In which languages do I need to provide a CMP?

This is not directly stated in the GDPR, but as the user needs to get “informed consent”, the user needs to be able to understand the information you provide them. It’s advised that you provide the CMP in the languages you provide your website in.

When does the cookie banner need to be displayed?

Consent has to be given in-advance to the data being processed: there must be no non-necessary cookies/tracking/data processing before that. The easiest way to show the cookie banner is upon the first visit of your website. Then let the user decide which services/purposes they want to give their consent to. After that you can set cookies accordingly.

Does the user need to consent to all services individually?

No. It would make operating a website difficult and tedious if a user would have to consent to each cookie service, individually, before using your website.  

It’s sufficient to categorize your cookie service by processing purposes (marketing, statistics, etc.). You can also provide an accept all button and a reject all button. Declining all non-necessary cookie services has to be as easy as accepting all.

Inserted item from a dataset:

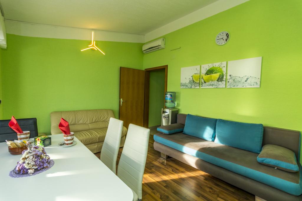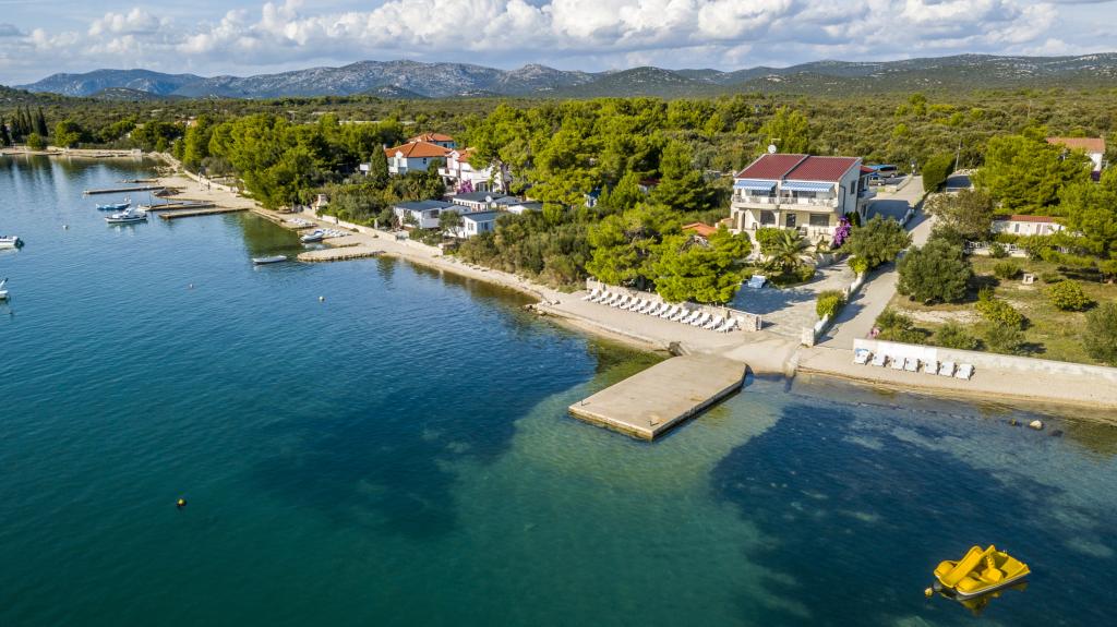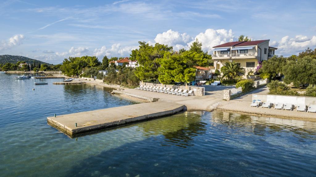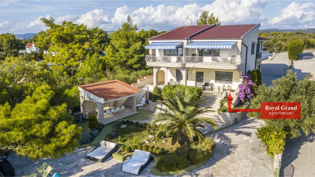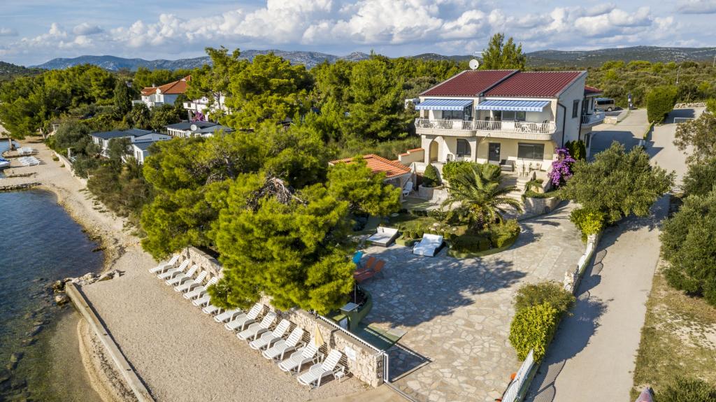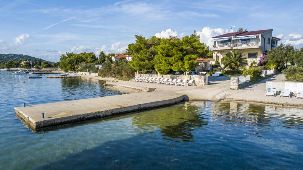Vila Punta Royal este situat lângă mare, într-un golf liniștit și are propria plajă cu pietriș. Marea este puțin adâncă și devine mai profundă atunci când merge departe de coasta, care este perfect pentru copii mici. In fata vilei este o grădină mediteraneană, unde vă puteți bucura de farmecul Dalmația și Marea Adriatică. Totul este într-un singur loc, nu trebuie să vă faceți griji cu depozitarea bunurilor dumneavoastră pentru a merge la plajă, deoarece apartamentul este la numai 15 de metri de plaja, care se află în fața Villa. internet wireless este gratuit și disponibil în întreaga Villa și întreaga plajă. Parcarea este lângă Villa și este gratuit pentru toți oaspeții noștri. șezlonguri și umbrele în grădina mediteraneană și la plajă sunt oferite pentru toți oaspeții noștri și sunt gratuite. Apartamentele sunt moderne și complet echipate pentru cazare familie. Ne sunt situate în mijlocul coastei Adriatice, astfel încât toate atracțiile locale din Dalmația aproape de noi. Bucurați-vă de vacanță, în timp ce pentru tine în Punta Villa Royal, întotdeauna cineva disponibil 24 de ore pe zi.

If I’m located outside of the EU, do I need to implement a CMP?

Yes. If you process data from customers from the European Union and/or target citizens of the EU with your website, you need to comply with EU law, even if you are located outside of the EU.

How long do I need to store the consent record of a user?

There is no strict rule here, but there are recommendations. Some data protection authorities have made recommendations such as CNIL (France) or the Irish Data Protection Commission.  

France: best practice at least 6 months for consent.
‍Ireland: maximum of 6 months for consent according to the Irish data protection commission

What does the record of consent for cookies need to contain?

1. Who provided the consent (user ID).
2. When and how consent was acquired from the user.
3. What user consented to.

Can you summarise everything I need to implement on my website?

1. Block all cookies before consent is obtained.
2. Show a cookie banner on the user’s first visit to your website.
3. A brief explanation of the purposes (marketing, statistics, social content etc.).
4. The user must have the option to consent to each purpose individually, the option to reject all non-necessary cookies and the option to accept all cookies.
5. Provide the cookie consent tool in all languages in which your website is provided in.
6, Make sure that your website works properly if all non-technical cookies are rejected.
7. Make sure your website works properly if only some purposes are being consented to.
8. Make sure your website does not set any non-consented cookies.
9. Provide a platform to allow the user to manage and view their consent.